Neptune’s “Great Dark Spot” –‘Jupiter Now has an Earth-Sized Rival’
Superionic water lies somewhere between the liquid and solid phases: the oxygen atoms of the H2O molecule are organised in a crystalline lattice, while hydrogen atoms diffuse freely like in a charged fluid”. The study of thermal and electrical currents generated by the water in these three different forms is essential to shed light on many unsolved issues.
Existence of a Frozen Core
The two scientists also state that “internal electrical currents are at the base of the Planet’s magnetic field. If we understand how the former flow, we can learn a lot more about the latter”. And not only that. “The thermal and electrical transport coefficients dictate the planet’s history, how and when it was formed, how it cooled down. It is therefore crucial to analyse them with the appropriate tools, like the one we have developed. In particular, the heat conduction properties that emerge from our study allow us to hypothesize that the existence of a frozen core may explain the anomalously low luminosity of Uranus as due to an extremely low heat flux from its interior towards the surface.”

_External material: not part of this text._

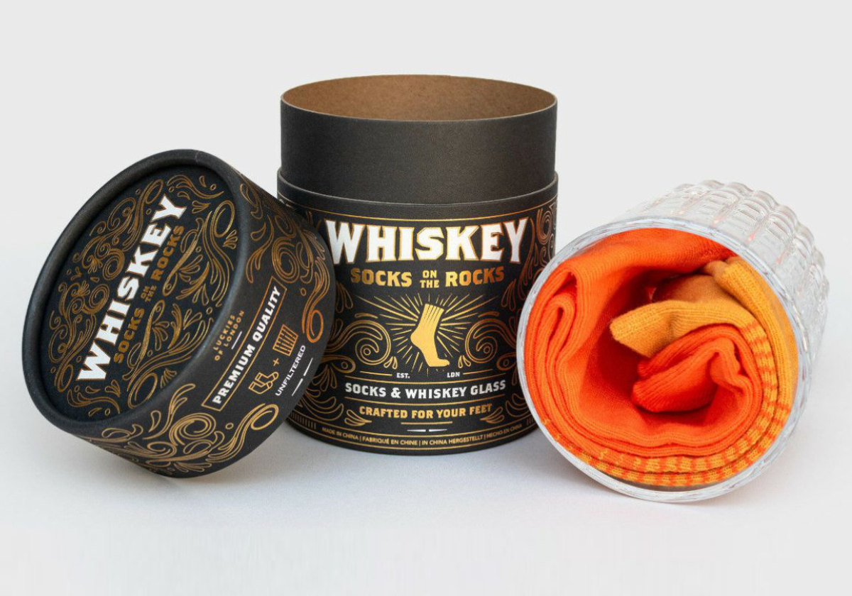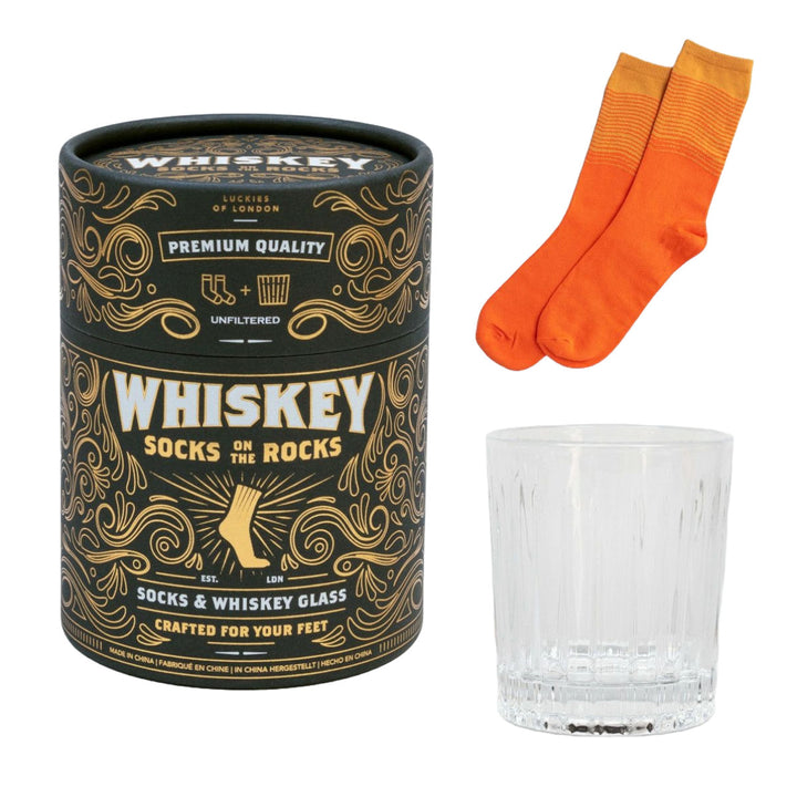 グラスとウイスキー色の靴下がセットになった、思わず二度見してしまうユニークなアイテムです。ウイスキーが入ったロックグラスに見える遊び心あふれるデザインで、靴下を取り出した後はグラスを実用品としてお使いいただけます。ギフトにピッタリのセットです。

Furthermore, the electrical conductivity found for the superionic phase is far larger than assumed in previous models of magnetic field generation in Uranus and Neptune. Since superionic water is thought to dominate the dense and sluggish planetary layers below the convective fluid region where their magnetic field is generated, this new evidence could have a great impact on the study of the geometry and evolution of the magnetic fields of the two planets.